Je demande aussi à Krauss de faire pulvériser un vernis sur les coquillages vides. L’effet est spectaculaire. En fait, j’’ai eu l’idée de ce décor au cours d’un voyage à Florence..

Au milieu de la vaste pièce, on accède par deux marches à une gigantesque coquille, – comme la conque de la Vénus de Botticelli ; réalisée en staff  elle servira de baignoire à Martine Carol.

Des glaces, montées sur pivots, sont orientables suivant les scènes ou les lumières, dans le boudoir attenant, et le visiteur Livio (Jean-Claude Pascal, qui incarne le maître de ballets, et danseur ) peut à loisir regarder Caroline au bain sans que celle-ci ne s’en doute..

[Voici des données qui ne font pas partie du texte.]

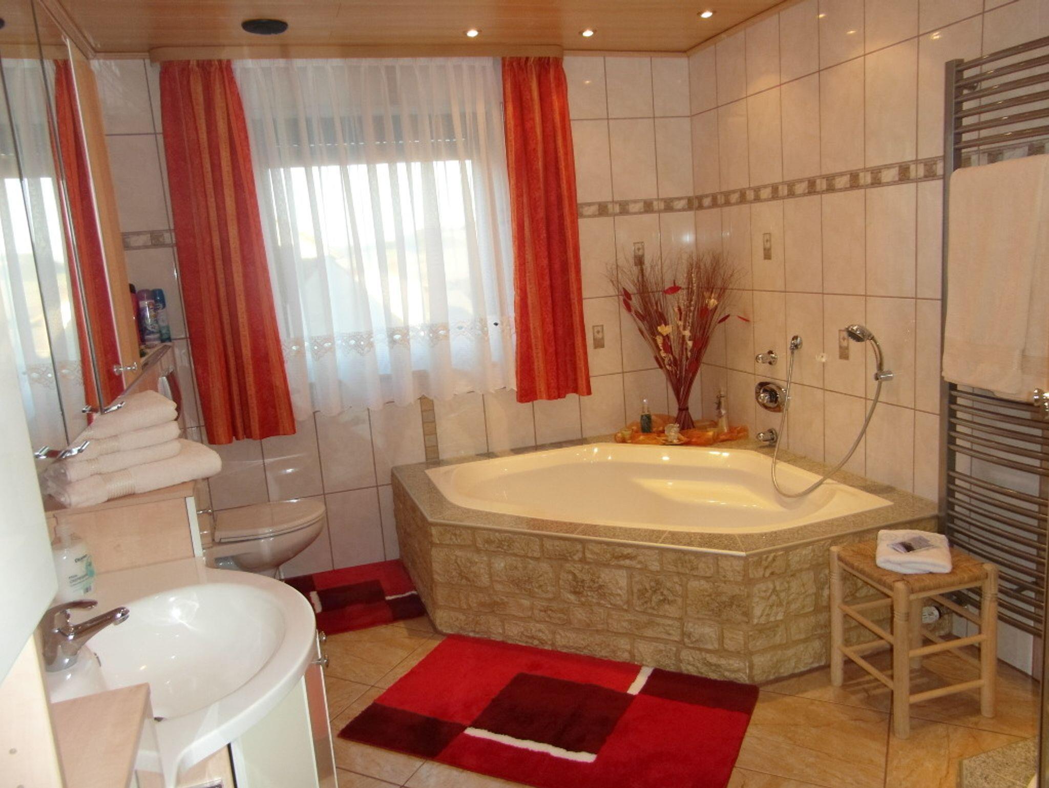 Das großzügige Bad mit Badewanne, Dusche und WC, dimmbaren Licht, Frisur-und Kosmetikspiegel, Fön, Waschmaschine,
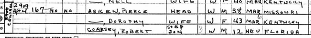 My maternal grandmother, Dorothy, was living with her third husband, Pierce Askew, and her son Robert Coarsey, my Uncle Bob, who was 12 years old at the time. They resided at 2909 Central Ave. Apt. 4, Birmingham, Jefferson, Alabama. I know this address because in my mother’s memoirs there are several telegrams sent by my mother to that address in the early 1950s.
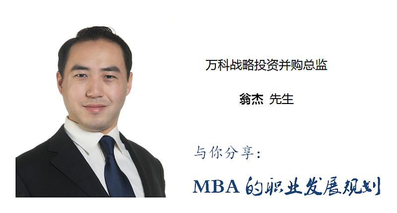 本次讲座我们邀请到万科战略投资并购总监翁杰先生,为同学们MBA的职业发展规划指引明灯,讲座内容重点聚焦以下几个问题:
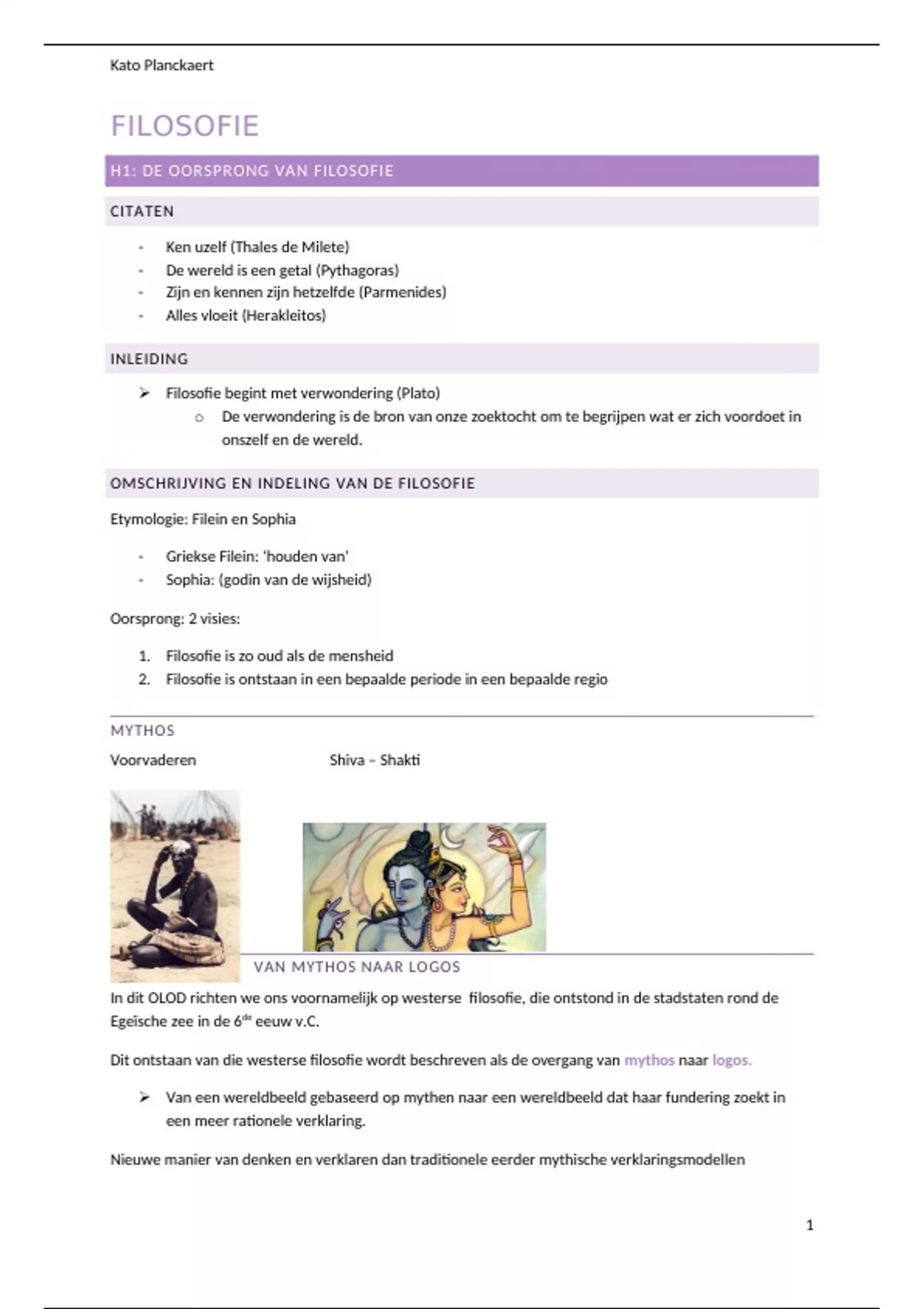 H1: DE OORSPRONG VAN FILOSOFIE

On commence : avant de pénétrer dans son bain, Martine exige que tous les techniciens quittent le plateau… Elle a juste oublié, au-dessus d’elle sur les passerelles, les six électriciens qui doivent manipuler les projecteurs.

A la fin de la première prise, le cameraman anglais annonce : “il y a un poil”. .. En fait cela va lui permettre de prolonger le temps de prise de vue ! 

(La première fois que j’ai entendu cette expression, je n’ai pas compris. André Thomas me met au courant : les objectifs sont nettoyés avec des pinceaux fins, et il arrive qu’un poil se glisse dans le pourtour de l’objectif. En ouvrant la caméra, on s’en aperçoit.  L’assistant en charge des objectifs a comme mission de faire le point entre la caméra et les acteurs, à l’aide d’un genre d’escargot à manivelle. Lorsqu’il se trompe dans le maniement de son accessoire, il annonce, pour qu’on recommence la prise : « Il y a un poil !î pour mettre sur le dos du pinceau sa propre erreur de manipulation.. ou, en l’occurrence.. son souhait de prolonger l’expérience ! .).